Difference Between Root and Solution

Definitions

  1. A point of the domain that makes the function value of a given function become $0$ is called a root.
  2. Something that satisfies the conditions of a given problem is called a solution.

Explanation

In short, a root is something formal, and a solution is something conceptual. Many people not interested in mathematics get confused by these terms because in many cases, they are used interchangeably. $$ f(x) = 0 $$ For example, if we were to ask what satisfies $x$ for the equation above, the point that makes the function value of $f(x)$ become $0$ and also solves the equation problem at the same time.
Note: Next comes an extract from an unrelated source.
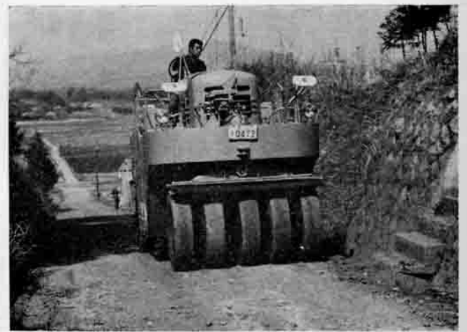
道路の舗装つづく 一柿岡下宿地内一

悪条件のもとで、役場で把握しました資料によりまして、農家一戸あたりの所得も四十三年度の五十三万円を越えて、五十六万円とわずかでありすが伸びております。しかしながら、農業と他産業との所得の格差にはなおきびしいものがありまして、兼業農家が日を

What is important here is the mention of ’equation problem’s solution’ not just ’equation’s solution’. The term solution is used in the context of a ‘problem’, whether it’s a partial differential equation problem or optimization problem, and the word ‘problem’ is just often omitted for convenience. On the other hand, a root isn’t about a problem but simply about a point on the blackboard that makes the function value become $0$. It might be sad not to solve a problem, but not being able to find a point where the function is $0$ isn’t something to be sad about, and they are distinctly different.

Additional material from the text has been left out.